5) Beachside Manish Malhotra Outfitted Zumba in Rangeela
This was Ram Gopal Varma’s sexy-workout phase, before he axed the y and moved into the sex-workout phase. Right before Naach came Rangeela. Urmila Matondkar’s zumba with red frills attached to her hips, more sexible than flexible, brought oomph to poses which would turn most people into jelly. The Manish Malhotra red against the Bombay blue beach, and the unabashed fun and sexuality she inheres makes this workout seem more ooh than uuh. Forever grateful to the oomph goddess of yore.
6) Lakshya in Lakshya
The best kind of workout scenes, for me, are the ones that are inspirational without making you feel like shit. (Like the Tiger Shroff ones that make you look down at the tyres of stomach layering up, as he moonwalks on fire, carbs asunder.) The ones with accompanying music you can blare into your ears as you sweat into your treadmill. Lakshya’s title track is perfect. It is both transformational and inspirational. The song tells the story of a lost soul, played by Hrithik Roshan, who finally finds purpose in his life, through Javed Akhtar’s poetry strung to Shankar-Ehsan-Loy’s music. Get to the chorus, and I guarantee you’d want to increase the speed and incline on that treadmill, with a stoic Roshan’s image in army uniform.
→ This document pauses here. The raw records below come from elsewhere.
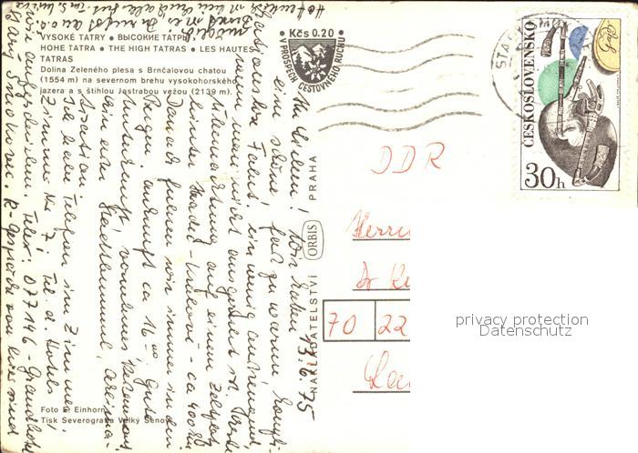old postcard Vysoke Tatry Dolina Zeleneho plesa Brncalovou chata Berghaus Hohe Tatra postalisch gelaufen Erhaltung siehe scans
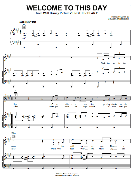 Download or print Melissa Etheridge Welcome To This Day sheet music, chords and digital score arranged for Piano, Vocal & Guitar Chords (Right-Hand Melody). This Children score includes 5 page(s).
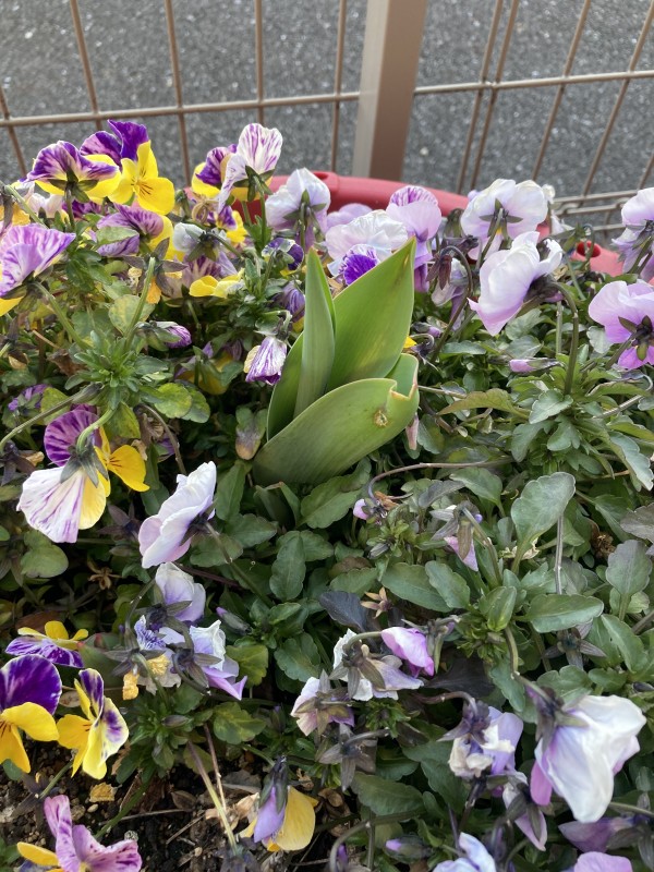 見えますか…色鮮やかなパンジーの中に… そう!チューリップです????
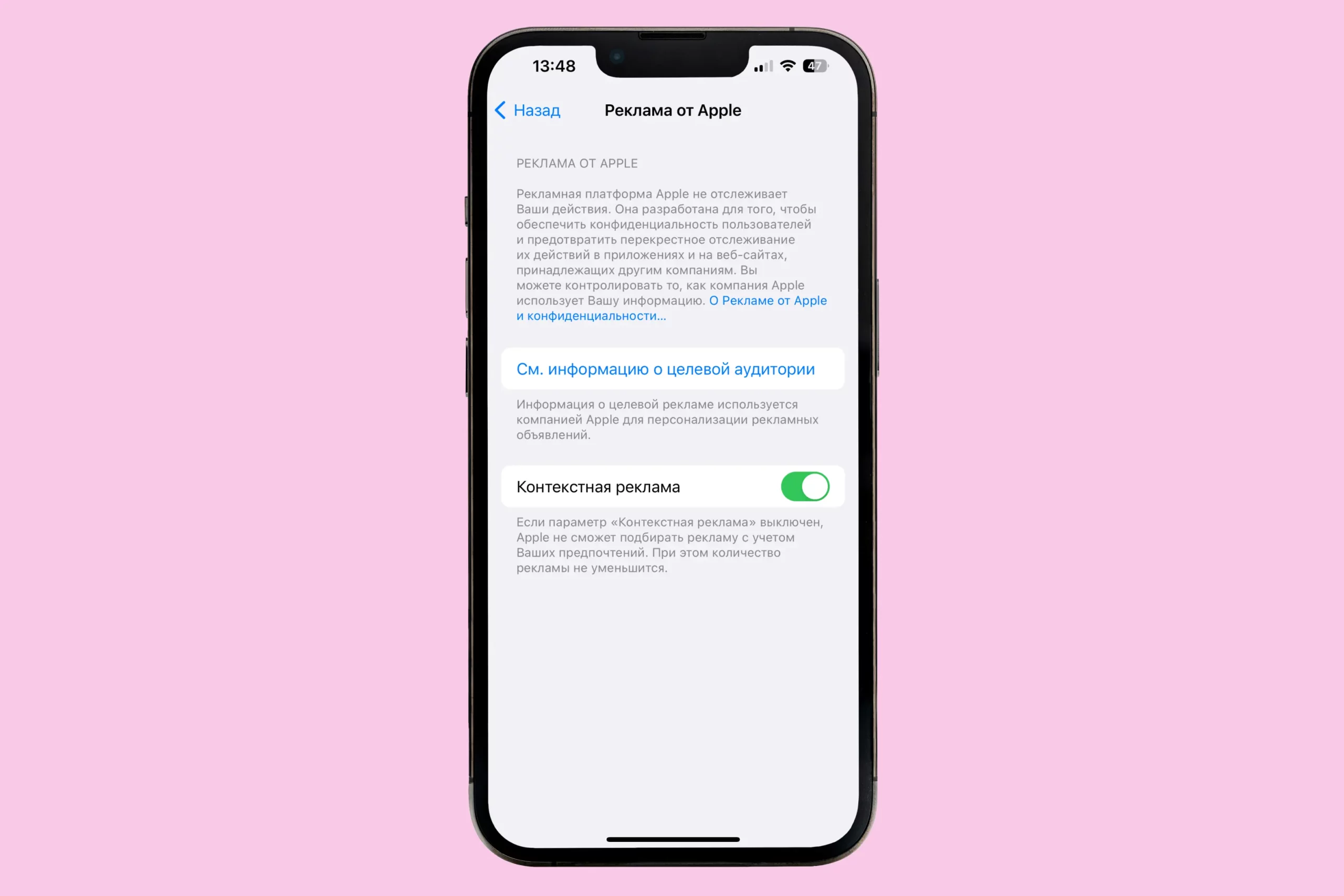 На iPhone персонализированная реклама отключается проще. Перейдите по пути: «Настройки» → «Конфиденциальность и безопасность"→ «Реклама Apple» — и переведите ползунок «Контекстная реклама» в неактивный режим.
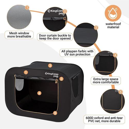 Perfect for medium to large-sized dogs, the KingCamp Pop Up XXL Pet Tent is a spacious and durable shelter designed with your pet's comfort in mind. It's ideal for outdoor adventures, camping trips, and backyard relaxation.
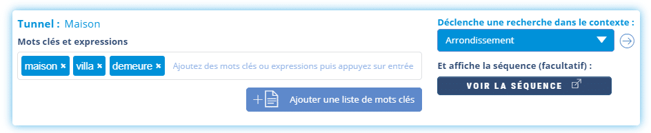 On crée ensuite un Tunnel “Maison” avec les mots clés correspondants et qui lancera lui aussi une recherche dans le Contexte “Arrondissement”.
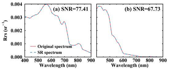 We selected four typical Rrs curves and showed the denoised spectra, together with the original ASD spectra (Figure 7). Different from the simulated noisy spectra (Figure 5), in this dataset, the noises were not evenly distributed along the wavelength. Generally, the spectra curves between 500 and 720 nm are smooth. However, in the shorter and longer wavelength regions, with the decrease in the Rrs signals, the noises were more obvious. The denoised curves are highly consistent with the original spectra. All of the characteristic peaks and valleys were clearly kept after denoising; for example, the Rrs valley caused by the chlorophyll-a absorption peak at around 680 nm and the peak caused by chlorophyll-a fluorescence near 700 nm. At the same time, the Rrs curves at high noise wavelengths became smoother after denoising. The results indicated that, for ASD-measured spectra data, the proposed SR denoising method is also effective. The method is not sensitive to the wavelength distribution of random noise.
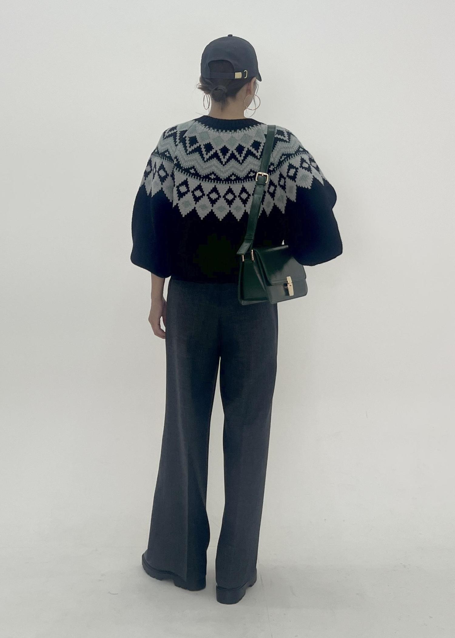 秋冬らしいついドーパンツを合わせて、グリーンのバッグを持つのがポイントです◎。
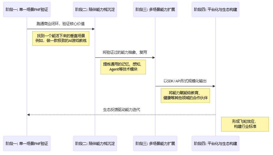 这个路径的核心思想是,先做深,再做广。不要一开始就试图构建一个大而全的通用陪伴平台,而是从一个极度垂直的场景切入,用“陪伴能力”解决该场景下的一个真问题,并跑通商业模式。在此基础上,再将验证过的能力沉淀、抽象,并逐步扩展到其他领域,最终形成平台化的生态。
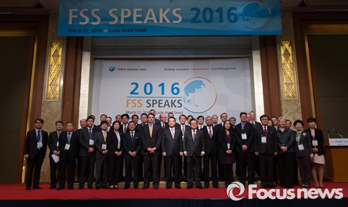 (서울=포커스뉴스) 22일 오전 서울 중구 소공로 롯데호텔에서 진웅섭(앞줄 오른쪽 여섯번째) 금융감독원장을 비롯한 외교사절과 국제 신평사 임원들이 외국계금융회사 대상 업무설명회 'FSS SPEAKS 2016'에 참석해 기념촬영을 하고 있다.

7) Gym Sex in 4 More Shots Please
If health websites are to be trusted, on average, a 24 minute session of sex can burn as much as 100 calories for men, and 70 calories for women. I gather that the numbers would be switched around in this scene from Four More Shots Please, because Bani J who plays the gym trainer seems to be doing most of the heavy-lifting here while slamming her man against the locker room. The gym is perfect for sex, so the fantasy goes, and like the show itself, the scene takes us into that fantasy, as the CCTV video voyeuristically captures the carbs burnt in the locker room. It’s also why you don’t get a corresponding GIF for this workout.
8) The Mating Dance In Jodha Akbar
What starts of Jodhabai’s (Aishwarya Rai Bachchan) sword-practice in the courtyard turns into a peacock mating dance when Akbar (Hrithik Roshan) takes over as her opponent, the talwar as their treadmill. This is helped by Ashutosh Gowarikar’s geometric articulation of space, and wind as a wing-man, blowing hair away, fabrics fluttering till, like a blessing, it falls on the two of them. The sexual tension in this scene, where the desire to showcase physical prowess, and desecrate the opponent who also happens to be the lover, is palpably erotic even as all clothes stay on, sweat stained.
9) Swimming In Dil Dhadakne Do
It’s entirely silent, when they first meet, except for the dog’s voiceover. Ranveer Singh and Anushka Sharma swim laps back and forth, towards and then away from each other in the chlorinated turquoise pool of the luxury ship. No goggles, no rubber caps (the other rubber caps will come in handy as the film progresses), abs and eyeliner intact, shot with such perfection that the water drops that hang on to Sharma’s ears look like earrings. My rubber floaters never did the trick with my cute neighbour in the past, I should try the Singh’s abs next time. It seems to charmed her pants off. His were quite low anyways, always on the precipice of nudity.
10) Forehead Kisses And Yoga-Stretch Hisses in OK Kanmani
When the 1 minute teaser for ‘Aye Sinamika’ dropped, I was struck, playing it on loop like the rat pulling the reward-seeking lever again-and-again. Yoga is lovely, love is lovelier. And the two, strung to Rahman’s music at its liminal best, showing a regular, modern Mumbai live-in couple, living life, just felt like a cool summer breeze. Adi’s antics as Tara stretches (Dulquer Salmaan and Nithya Menen), being lathered with forehead kisses and providing distractions, is just too beautiful. Sign me up for some Yoga!